García-Rios Paula, Rodríguez-Lozano Francisco Javier, Pérez-Guzmán Nuria
Gerodontologý an Special Care Dentistry Unit, Morales Meseguer Hospital, Faculty of Medicine, IMIB-Arrixaca, University of Murcia, 30008 Murcia, Spain.
J Clin Med. 2025 Jun 19;14(12):4380. doi: 10.3390/jcm14124380.
Chronic kidney disease (CKD) is defined as a clinical syndrome secondary to a permanent change in kidney function or structure, making it irreversible. Most patients at the onset of the disease are asymptomatic or present nonspecific symptoms, including signs and symptoms at the oral level. These manifestations, such as hyposalivation, increased calculus index, enamel defects, or changes in saliva composition, contribute to the diagnosis of this pathology and can also significantly affect the patient's quality of life. The aim is to systematically assess the presence and relevance of oral manifestations in patients with CKD, and to identify correlations between these symptoms and clinical parameters such as glomerular filtration rate or concomitant conditions of the patient. A systematic review was conducted following the Preferred Reporting Items for Systematic Reviews and Meta-Analyses (PRISMA) guidelines. A search was carried out in the PubMed, Scopus, Scielo, and The Cochrane Library databases on 7 April 2025, using terms related to "chronic kidney disease" and "oral manifestations". Inclusion criteria referred to observational studies published in the last ten years that reported oral symptoms in patients with CKD. The quality of cohort and case-control studies was assessed using the Newcastle-Ottawa Scale (NOS), while for cross-sectional studies, the Joanna Briggs Institute (JBI) critical appraisal checklist was used. A total of 27 studies met the inclusion criteria, primarily cross-sectional in design. The most frequently reported oral manifestations included hyposalivation, increased calculus and plaque indices, enamel defects, periodontal disease, and oral candidiasis.

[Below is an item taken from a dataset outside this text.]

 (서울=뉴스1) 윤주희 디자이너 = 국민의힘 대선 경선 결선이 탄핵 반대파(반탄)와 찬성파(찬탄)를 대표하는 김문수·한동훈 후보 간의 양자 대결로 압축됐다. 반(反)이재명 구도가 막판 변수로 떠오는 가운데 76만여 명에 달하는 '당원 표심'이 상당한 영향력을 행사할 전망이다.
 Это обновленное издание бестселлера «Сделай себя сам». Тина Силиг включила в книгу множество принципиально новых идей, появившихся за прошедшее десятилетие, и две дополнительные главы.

Significant associations were identified between the duration of dialysis and severity of periodontal disease, as well as between CKD stage and taste dysfunction. Findings varied by age group and CKD stage, with children showing distinct salivary profiles and adults presenting more pronounced periodontal and mucosal conditions. This review highlights a clear relationship between CKD and various oral health disturbances, although more studies are needed to better understand oral-systemic interactions in CKD. What is necessary is the establishment of multidisciplinary care approaches.

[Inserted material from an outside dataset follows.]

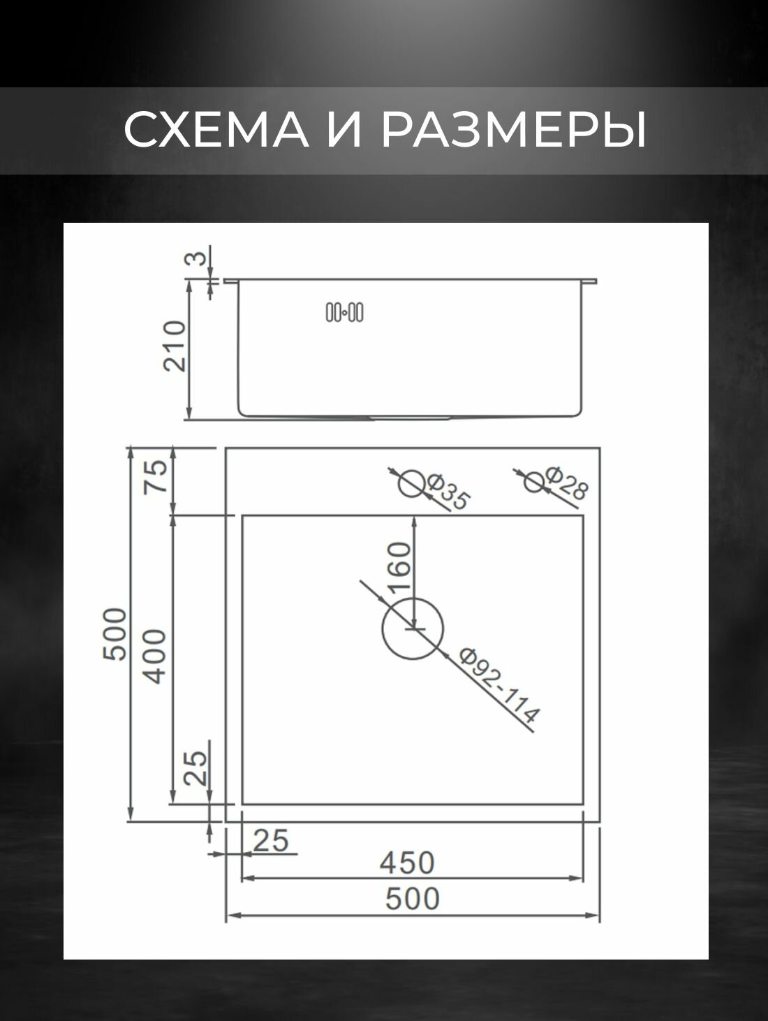 | Особенности | PVD покрытие / дозатор для мыла / коландер / отверстие под смеситель / сливная арматура |

慢性肾脏病(CKD)被定义为一种继发于肾功能或结构永久性改变的临床综合征,具有不可逆性。大多数患者在疾病初发时无症状或表现为非特异性症状,包括口腔层面的体征和症状。这些表现,如唾液分泌减少、结石指数增加、牙釉质缺陷或唾液成分变化,有助于该疾病的诊断,也会显著影响患者的生活质量。目的是系统评估CKD患者口腔表现的存在情况及相关性,并确定这些症状与临床参数(如肾小球滤过率)或患者伴随疾病之间的关联。按照系统评价和Meta分析的首选报告项目(PRISMA)指南进行了一项系统评价。于2025年4月7日在PubMed、Scopus、Scielo和考克兰图书馆数据库中进行检索,使用与“慢性肾脏病”和“口腔表现”相关的术语。纳入标准涉及过去十年发表的报告CKD患者口腔症状的观察性研究。队列研究和病例对照研究的质量使用纽卡斯尔-渥太华量表(NOS)进行评估,而横断面研究则使用乔安娜·布里格斯研究所(JBI)的批判性评价清单。共有27项研究符合纳入标准,主要为横断面设计。最常报告的口腔表现包括唾液分泌减少增加、结石和菌斑指数增加、牙釉质缺陷、牙周病和口腔念珠菌病。在透析时间与牙周病严重程度之间以及CKD分期与味觉功能障碍之间发现了显著关联。研究结果因年龄组和CKD分期而异,儿童表现出独特的唾液特征,而成人则表现出更明显的牙周和黏膜状况。本综述强调了CKD与各种口腔健康问题之间的明确关系,尽管需要更多研究来更好地理解CKD中的口腔-全身相互作用。有必要建立多学科护理方法。